Encouraging story there buddy. I'm on day 10 after relapsing. My longest streak was two months. More than ever, I am determined more than ever to quit PM forever. I have noticed an improvement in my morning woods and better sleep. Still having a problem maintaining an erection during actual sex, but the sensitivity now is much higher. Reality check: very severe mood swings, lack of motivation, bad memory, struggling at what to say during conversations (and the associated weirdness) and brain fog. I am confident it will heal in the fullness of time. I also realized that participating in this forum, helps a great deal to remain focused and have a reason to keep going.
yah i did suffer from it i believe, i could never get hard without porn, now i can just think of a girl and get an erection, i have not had sex at all however so i am not sure how operational things are.

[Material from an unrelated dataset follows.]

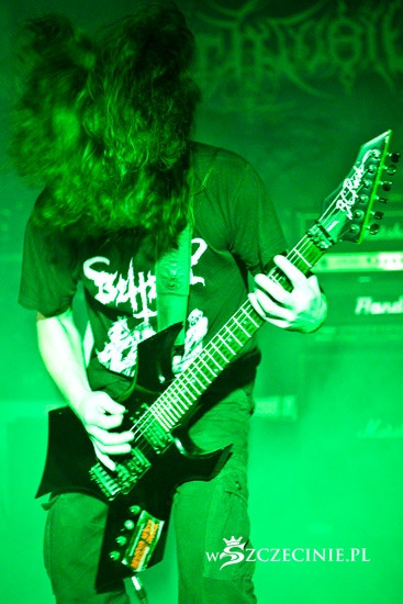 Pandemonium ma status legendy na polskiej scenie metalowej, do czego przyczyniła się nie tylko wartośc dokonań tego zespołu, ale talże perturbacje dotyczące nazwy (przez pewien czas musieli występować pod szyldem Domain). Przez dwadzieścia lat działalności stworzyli. takie płyty jak „The Ancient Catatonia”, „The Zonei” oraz ostatnia - „Hellspawn”(wydana w 2007 roku). Łodzianie jeszcze nie ukończyli jeszcze prac nad nowym, bardzo oczekiwanym przez fanów albumem, ale już od wielu miesięcy grają na koncertach utwory zapowiadające ten materiał (który ma nosić tytuł „Misantrophy”). Tak było także wczoraj, kiedy zabrzmiał „Black Forest” i „God Delusion”. Paul, Simon, Mark i Michael wybierali też utwory, na które widzowie oczekiwali. Nie mógł zostać pominięty taki klasyk jak „Unholy Existence” czy „Hellspawn”. Paul próbował komentować poszczególne utwory, ale najwyraźniej tego wieczoru nie miał weny. Lepiej mu szło granie na gitarze. W sumie Pandemonium zagrało około 45 minutowy program. Moim zdaniem zabrakło jakiegoś dobrego zwieńczenia całości. Mimo skandowania nazwy grupy przez widzów, muzycy nie zdecydowali się na to by jeszcze dorzucić jakiś bonus. Mam nadzieję, że że wrócą do Szczecina w lepszej formie już po wydaniu płyty.

i am glad you are recovering!, if you take anything from my post i would say staying away from the internet is the most important thing you can do from my experience.
I see, thank you for answering, brother. I hope you keep getting better and if possible, keep sharing your progress. Congratulations!
Good job bro. I have read many of your posts in the past and I'm glad you finally reached the 90 days. I unfortunately haven't succeeded yet, but I've definitely made progress. P.S. Relapsed yesterday
you got to get away from the internet bro, best decision i ever made and now i am back on it again with no problems, its only temporary.
When I quit two years ago I used to read the Bible everyday, I think that's what I gotta start doing again.
What is this boot camp you mentioned? Did you try any rewiring? I’m wondering how you managed to get erections so easily. After how long did you start getting these erections? Are you taking any supplements? I dream of getting erections just by thought Sorry for all the questions, just curious what to expect and how to ensure I’m on the right track.
i went to military bootcamp, no supplements, and it took like a month before i saw erections coming back, maybe a little sooner.
Great job brother. And what do you mean by you dont have a gay thoughts, so you had some gay and transgendered person fetish before?
definitely do that, God helped bring me closer to him and away from the darkness, the bible is a great place to find him and it helps keep you away from evil.